ACTIVITY:
Reproduce word for word the lines of the listing from the first one through the one with "Műszaki adatok –", omitting every picture.

EXERCISE MATERIALS:
#####

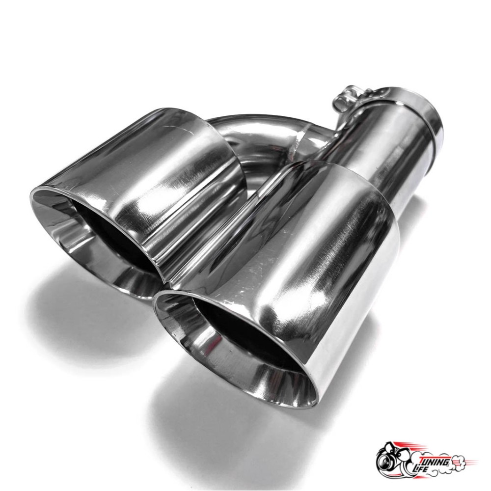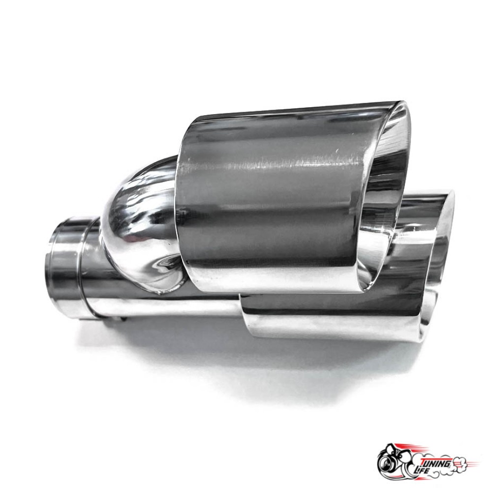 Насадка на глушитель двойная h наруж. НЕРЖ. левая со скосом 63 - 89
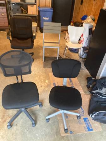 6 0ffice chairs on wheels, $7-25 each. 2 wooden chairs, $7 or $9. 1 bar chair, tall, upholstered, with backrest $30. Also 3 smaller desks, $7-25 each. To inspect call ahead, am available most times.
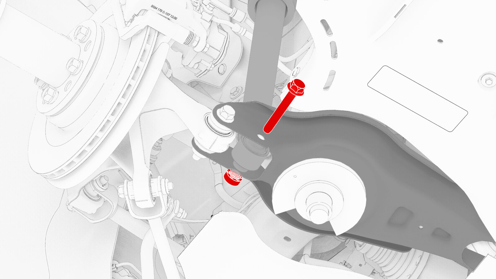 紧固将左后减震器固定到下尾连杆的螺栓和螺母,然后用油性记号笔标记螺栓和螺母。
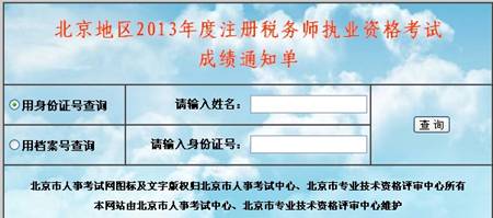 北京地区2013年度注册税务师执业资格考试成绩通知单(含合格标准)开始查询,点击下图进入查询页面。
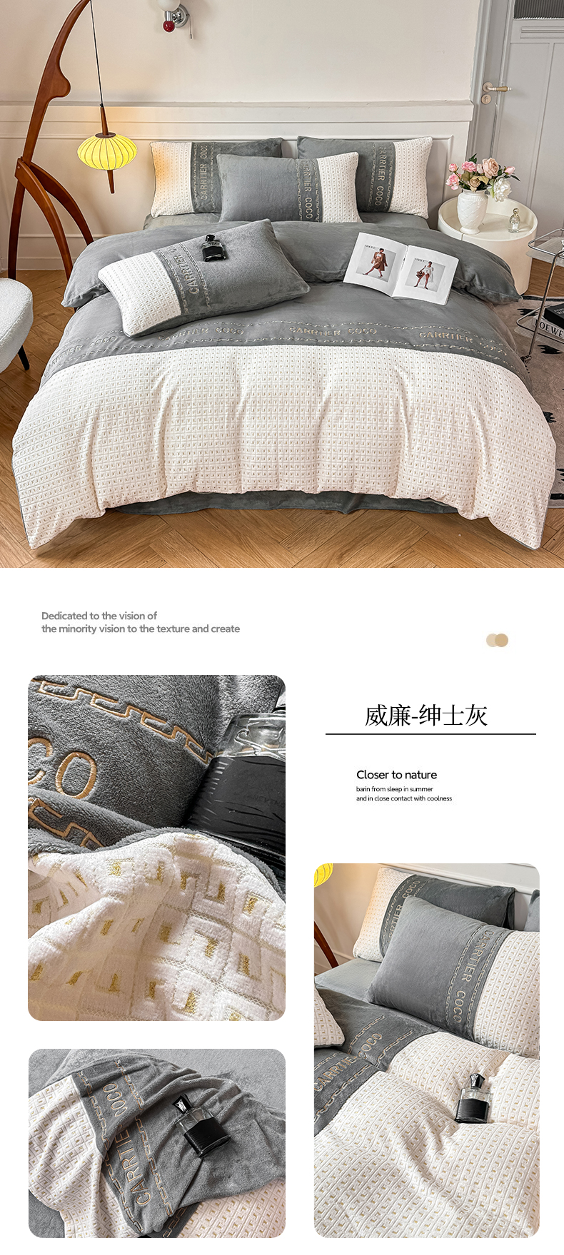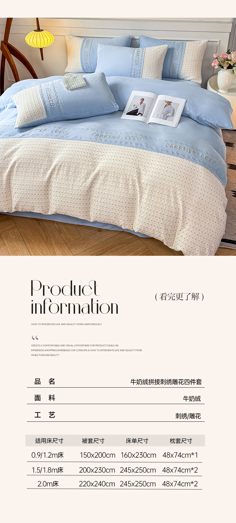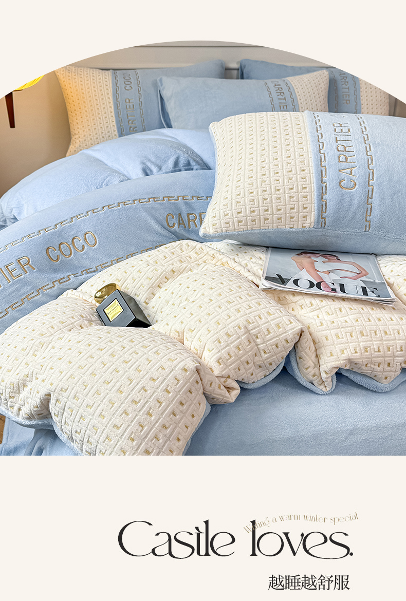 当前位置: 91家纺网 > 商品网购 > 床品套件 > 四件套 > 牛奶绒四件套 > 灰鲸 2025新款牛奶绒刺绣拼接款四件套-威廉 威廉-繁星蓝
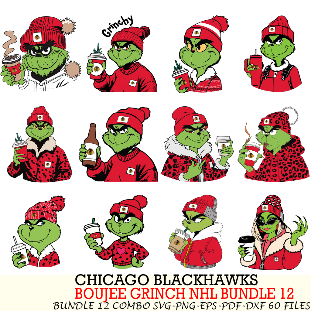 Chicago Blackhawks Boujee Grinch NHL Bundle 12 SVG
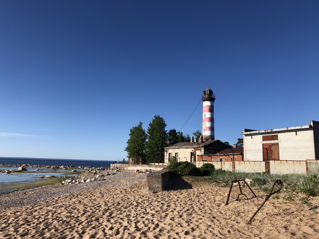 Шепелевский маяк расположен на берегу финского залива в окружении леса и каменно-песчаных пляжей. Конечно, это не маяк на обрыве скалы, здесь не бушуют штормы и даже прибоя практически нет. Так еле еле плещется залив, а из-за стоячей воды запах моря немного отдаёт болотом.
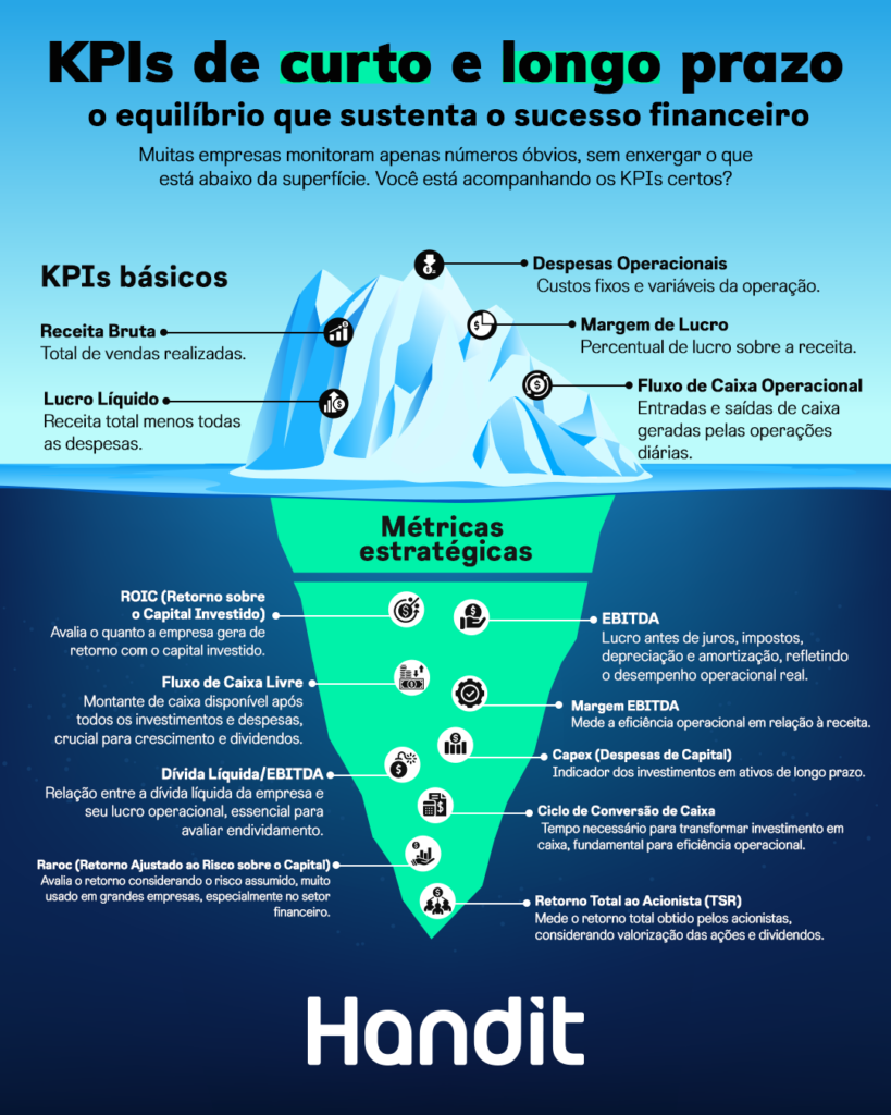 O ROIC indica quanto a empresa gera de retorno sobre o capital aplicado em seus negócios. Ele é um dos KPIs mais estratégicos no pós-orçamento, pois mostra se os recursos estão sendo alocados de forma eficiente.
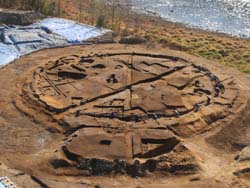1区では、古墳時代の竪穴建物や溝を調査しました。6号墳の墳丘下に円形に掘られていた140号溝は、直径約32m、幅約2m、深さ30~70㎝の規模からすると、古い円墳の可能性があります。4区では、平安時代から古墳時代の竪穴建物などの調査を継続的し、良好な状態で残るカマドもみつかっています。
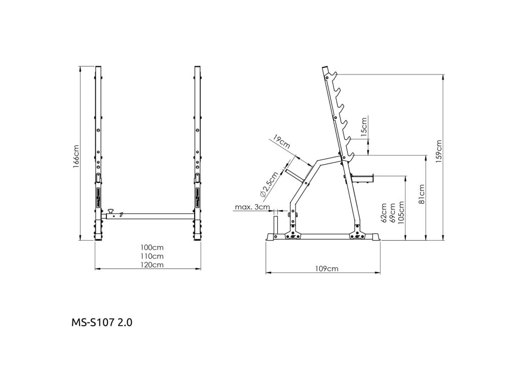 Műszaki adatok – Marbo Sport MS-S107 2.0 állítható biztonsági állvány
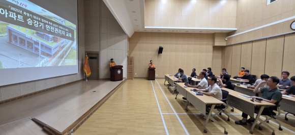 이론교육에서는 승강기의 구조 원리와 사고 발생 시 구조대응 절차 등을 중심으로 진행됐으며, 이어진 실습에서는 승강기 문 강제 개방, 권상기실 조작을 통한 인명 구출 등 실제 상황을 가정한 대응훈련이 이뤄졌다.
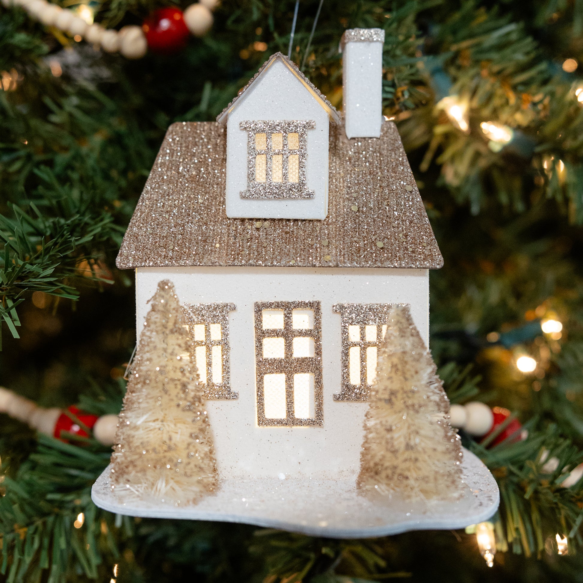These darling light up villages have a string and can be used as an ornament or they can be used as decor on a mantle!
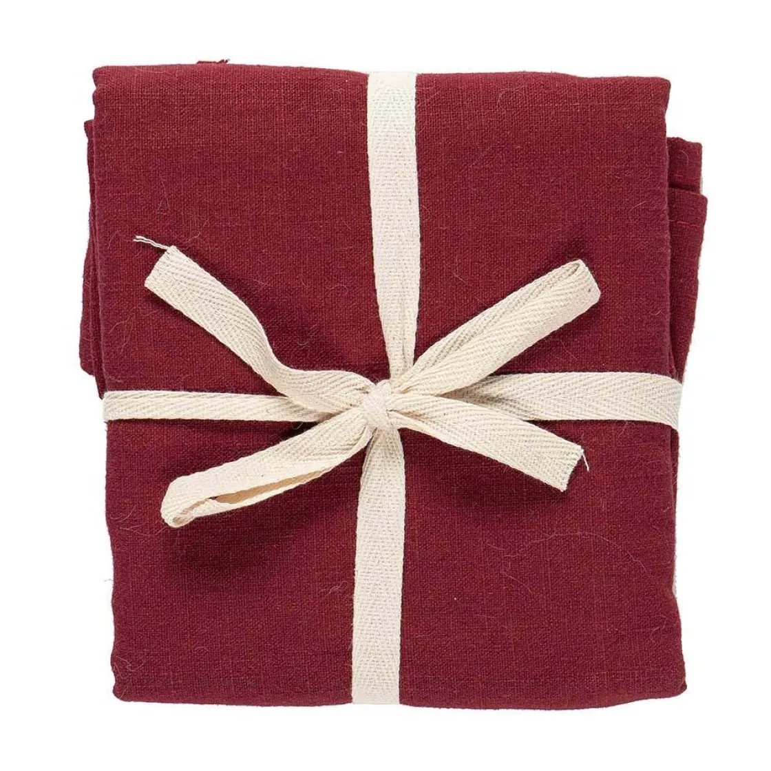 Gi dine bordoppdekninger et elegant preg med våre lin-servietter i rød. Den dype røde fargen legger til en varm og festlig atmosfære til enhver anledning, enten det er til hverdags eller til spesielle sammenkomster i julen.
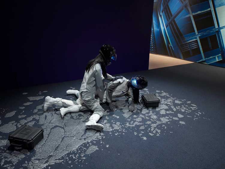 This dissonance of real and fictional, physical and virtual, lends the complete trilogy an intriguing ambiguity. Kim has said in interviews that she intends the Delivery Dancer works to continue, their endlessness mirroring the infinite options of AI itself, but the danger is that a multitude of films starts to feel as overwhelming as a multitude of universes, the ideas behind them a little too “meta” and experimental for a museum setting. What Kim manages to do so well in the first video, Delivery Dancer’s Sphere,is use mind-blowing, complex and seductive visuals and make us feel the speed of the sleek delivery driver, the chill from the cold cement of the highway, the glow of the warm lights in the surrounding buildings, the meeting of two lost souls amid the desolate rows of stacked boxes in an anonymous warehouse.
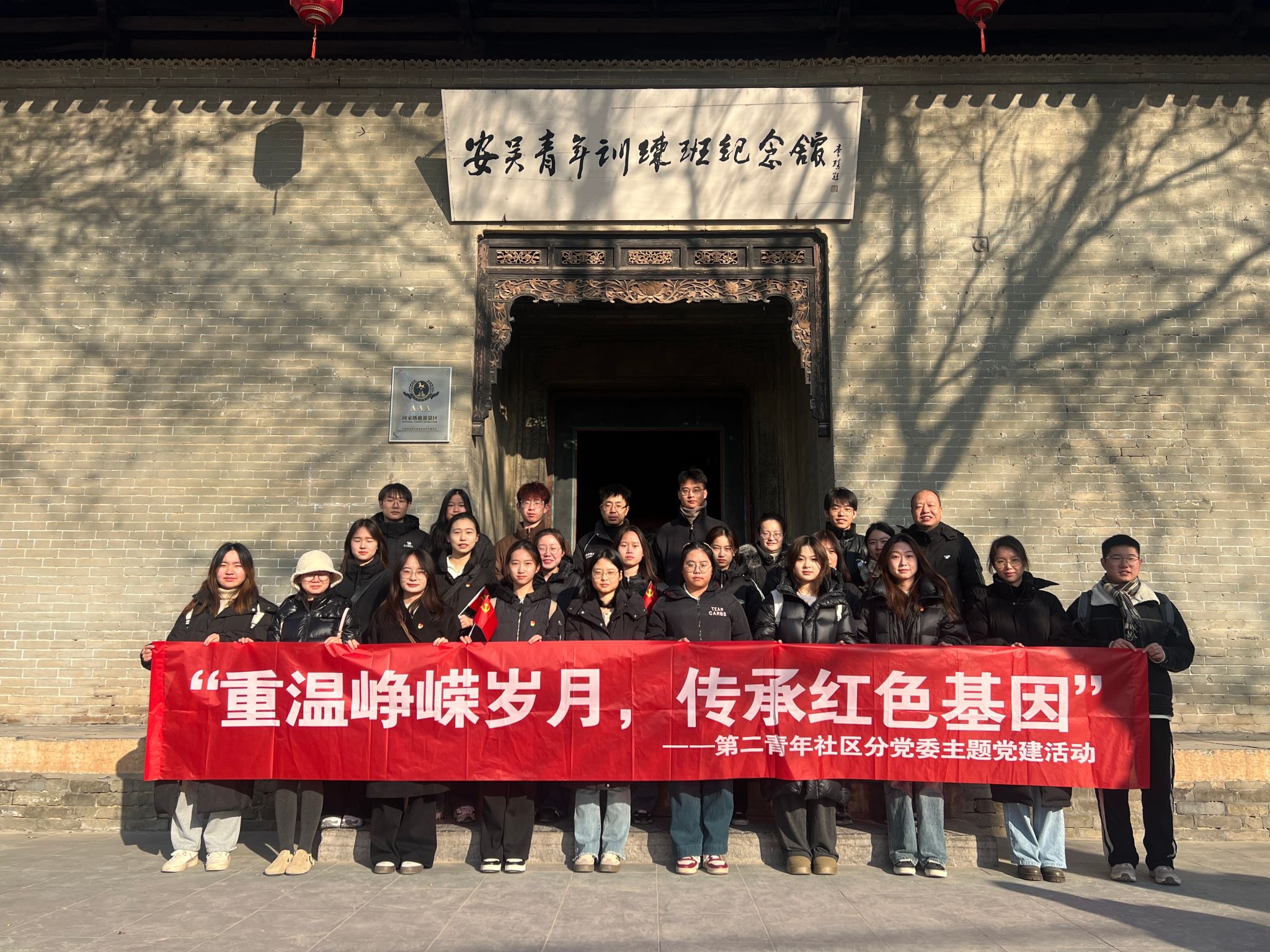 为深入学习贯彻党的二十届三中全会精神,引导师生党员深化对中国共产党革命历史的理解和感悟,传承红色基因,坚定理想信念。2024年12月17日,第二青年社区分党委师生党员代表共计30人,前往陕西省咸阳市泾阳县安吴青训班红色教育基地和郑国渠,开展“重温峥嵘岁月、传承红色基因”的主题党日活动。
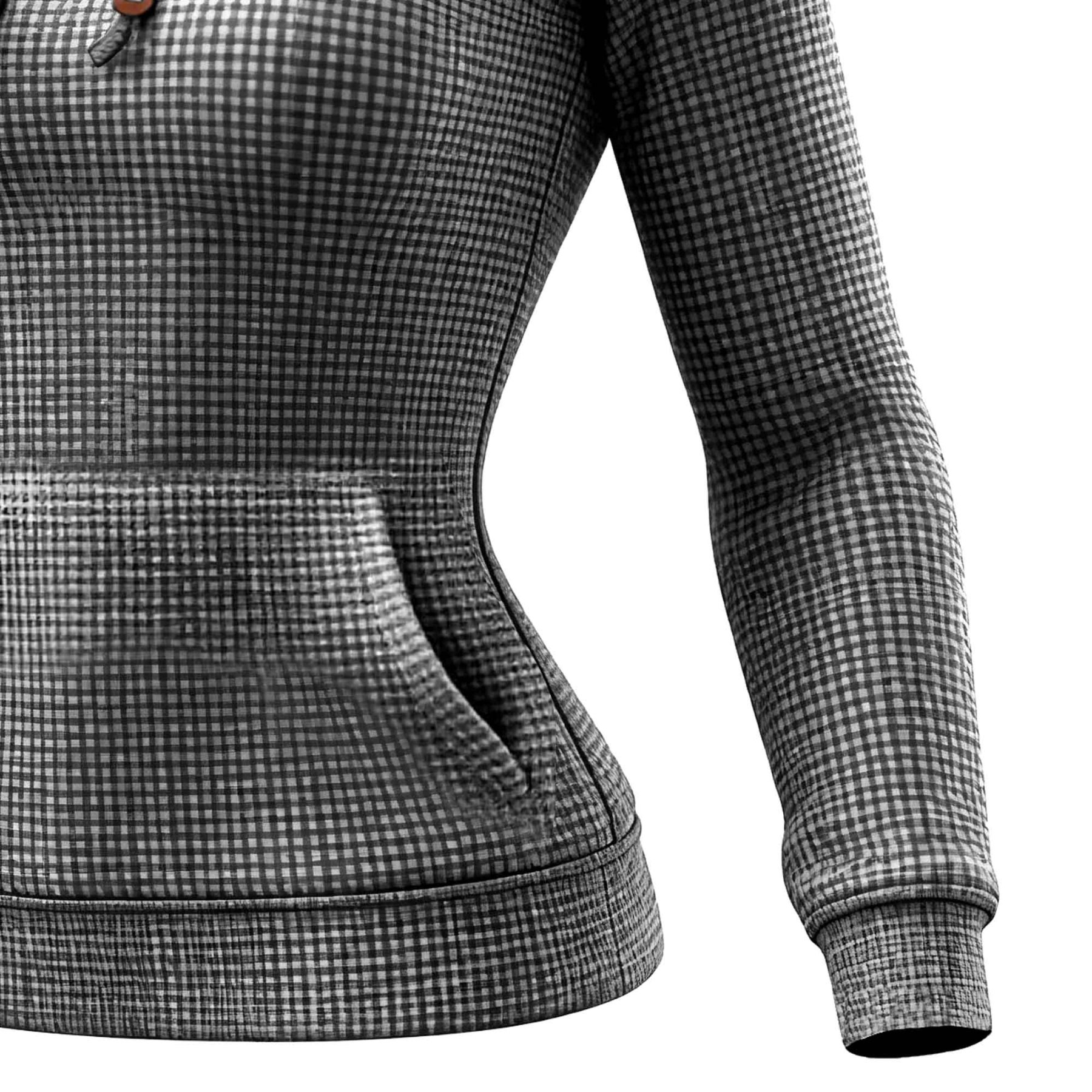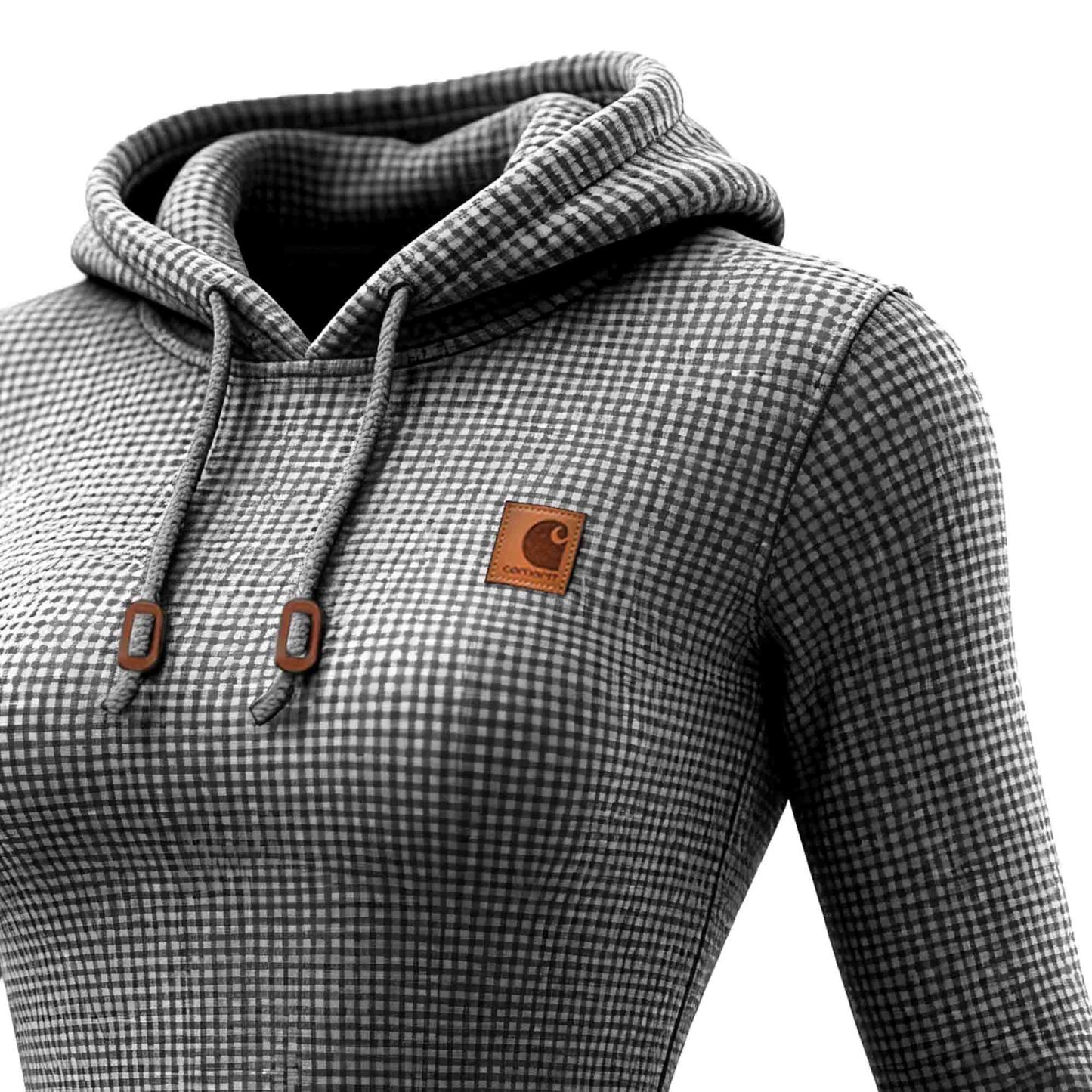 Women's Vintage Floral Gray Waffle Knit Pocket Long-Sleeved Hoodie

#####

ANSWER TO THE PROBLEM:
 Насадка на глушитель двойная h наруж. НЕРЖ. левая со скосом 63 - 89
 6 0ffice chairs on wheels, $7-25 each. 2 wooden chairs, $7 or $9. 1 bar chair, tall, upholstered, with backrest $30. Also 3 smaller desks, $7-25 each. To inspect call ahead, am available most times.
 紧固将左后减震器固定到下尾连杆的螺栓和螺母,然后用油性记号笔标记螺栓和螺母。
 北京地区2013年度注册税务师执业资格考试成绩通知单(含合格标准)开始查询,点击下图进入查询页面。
 当前位置: 91家纺网 > 商品网购 > 床品套件 > 四件套 > 牛奶绒四件套 > 灰鲸 2025新款牛奶绒刺绣拼接款四件套-威廉 威廉-繁星蓝
 Chicago Blackhawks Boujee Grinch NHL Bundle 12 SVG
 Шепелевский маяк расположен на берегу финского залива в окружении леса и каменно-песчаных пляжей. Конечно, это не маяк на обрыве скалы, здесь не бушуют штормы и даже прибоя практически нет. Так еле еле плещется залив, а из-за стоячей воды запах моря немного отдаёт болотом.
 O ROIC indica quanto a empresa gera de retorno sobre o capital aplicado em seus negócios. Ele é um dos KPIs mais estratégicos no pós-orçamento, pois mostra se os recursos estão sendo alocados de forma eficiente.
1区では、古墳時代の竪穴建物や溝を調査しました。6号墳の墳丘下に円形に掘られていた140号溝は、直径約32m、幅約2m、深さ30~70㎝の規模からすると、古い円墳の可能性があります。4区では、平安時代から古墳時代の竪穴建物などの調査を継続的し、良好な状態で残るカマドもみつかっています。
 Műszaki adatok – Marbo Sport MS-S107 2.0 állítható biztonsági állvány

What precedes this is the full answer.